In Hustlers, a group of New York strippers decide to turn the tables on their clients.

Courtesy of Elevation Pictures

Such disparity is on display in Hustlers, which, while not nearly as tightly wound as Parasite, pulses with a rage all its own. Here, director Lorene Scafaria turns the tables on made-in-the-U.S.A. commodification, focusing on a crew of New York strippers (led by a deeply committed Jennifer Lopez) who, tired of being the disposable playthings of hedge-fund bros, decide to play the system for their own ends. The result is messy and sometimes too apologetic, but a convincing case for burning Wall Street to the ground all the same.
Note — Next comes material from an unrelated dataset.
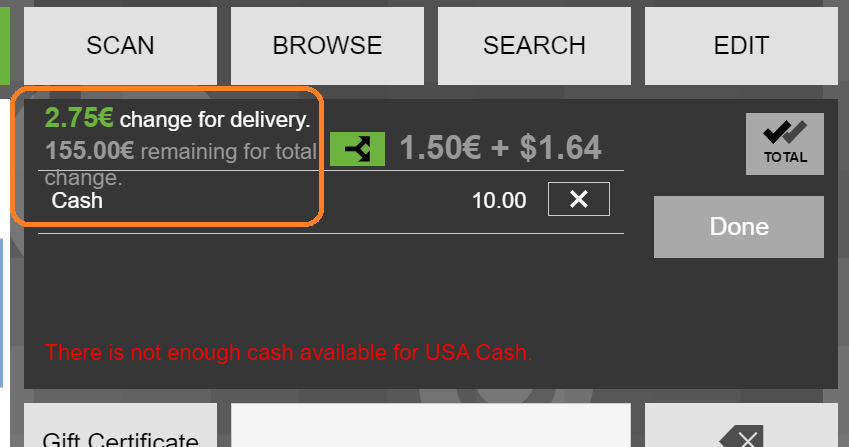 | Steps To Reproduce | 1. Login to POS terminal, go to the login URL: http://{server}/{context}/web/org.openbravo.retail.posterminal/?terminal=VBS-1 [^] 2. Click on the business partner button. 3. Select a customer with "Immediate" invoice terms and with "Multi change" option available 4. Click in the 'Browse' tab. 5. Add the 'Insect repellect' product 6. Add the 'Avalanche transceiver' product 7. Click on the 'Avalanche transceiver' product line 8. Click on 'Delivery Modes' button in the right-panel 9. Select Delivery Mode 'Pickup in store' 10. Click 'Apply' 11. Set product 'Avalanche transceiver' as Undeliverable and approve the change. 12. Click on the total amount button. The message '7.25EUR remaining to pay for delivery' is displayed 13. Add an amount of 10 in cash. The 'Action Required' pop up is opened 14. Select option 'Return to customer as 'change'.' The messages '2.75EUR change for delivery' and '15.00EUR remaining for total. 2.75EUR change.' are displayed 15. Click on the green button with the two arrows that is displayed in the change message The 'Change Split' pop up is opened 16. In the 'Cash' field add an amount of 1.50 The 'USA Cash' field should automatically update to 1.64 17. Press the OK button The messages '2.75EUR change for delivery' and '155.00EUR remaining for total. 1.50EUR + USD1.64 change' is displayed Note the wrong alignment in the attached screenshot. | |||||||||||

The call to action is more blatant in Steven Sodebergh’s The Laundromat, which uses the Panama-Papers leak to sketch a handful of comedic vignettes illustrating the power of a global economy engineered to widen the inequality gap. Some segments work better than others, but the booming anger of Soderbergh comes across throughout, especially at the film’s very end, when a character played by Meryl Streep talks directly to the camera, imploring her audience to ask questions that we can no longer afford to keep to ourselves.

This righteous anger comes across with more visceral brutality, and blood splatter, in two foreign-language films: Spain’s The Platform and Brazil’s Bacurau. The former is an all-access pass to blatant metaphor madness – in a dystopian future, prisoners are stacked vertically on top of one another and forced to fight for a platform of food which descends from the top of the jail to the bottom – while the latter, a cross between The Most Dangerous Game and Midsommar, is more idiosyncratic in its politics. But both force the audience to consider a future where the social gap has widened to horrific realities.

Even the ostensibly mainstream Knives Out and Joker make time to carve up the wealthy.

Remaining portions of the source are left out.